In conclusion, we demonstrate how analysis of genome-wide chromatin contacts provides important biological insights into gene regulatory mechanisms during human corticogenesis. We annotate non-coding regulatory elements based on their long-range chromatin contacts to identify hundreds of novel enhancer–promoter interactions during human brain development, relationships that are likely to be relevant to the evolution of human cognition. We also show how tissue-relevant chromatin contacts can be used to inform the biological interpretation of risk variants for a complex genetic disorder, schizophrenia, and in the process, identify several novel candidate genes and pathways that warrant detailed further study. These comparisons illustrate the added power of 3D genome annotation and provide a template for understanding the role of non-coding variation across complex genetic disorders that may involve tissue-specific gene regulation.
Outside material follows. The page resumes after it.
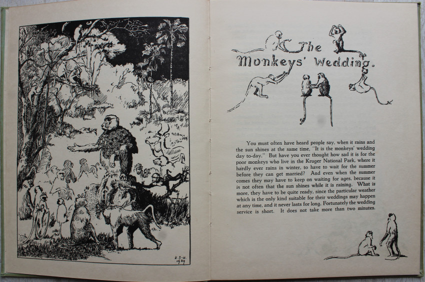 Black and white ink drawings of wildlife throughout the book, the illustrations by Hilda Stevenson-Hamilton.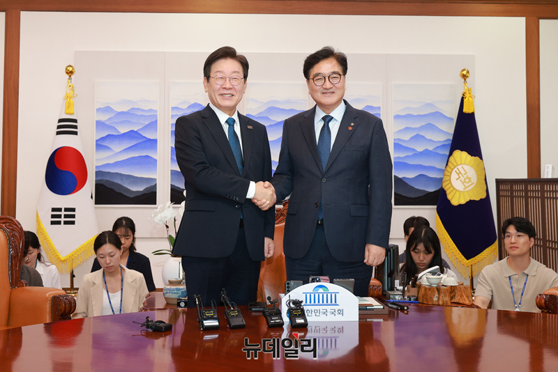 이재명 더불어민주당 대표가 19일 오후 국회에서 우원식 국회의장을 예방해 기념촬영을 하고 있다

Note added in proof: The Common Mind Consortium paper describing the RNA-sequencing data from dorsolateral prefrontal cortex of individuals with schizophrenia and neurotypical controls (http://commonmind.org) was recently published as ref. 31. Consistent with their eQTL results, we detected the interactions of FURIN, TSNARE1, CNTN4, CLCN3, SNAP91 with credible schizophrenia SNPs.

Methods

No statistical methods were used to predetermine sample size.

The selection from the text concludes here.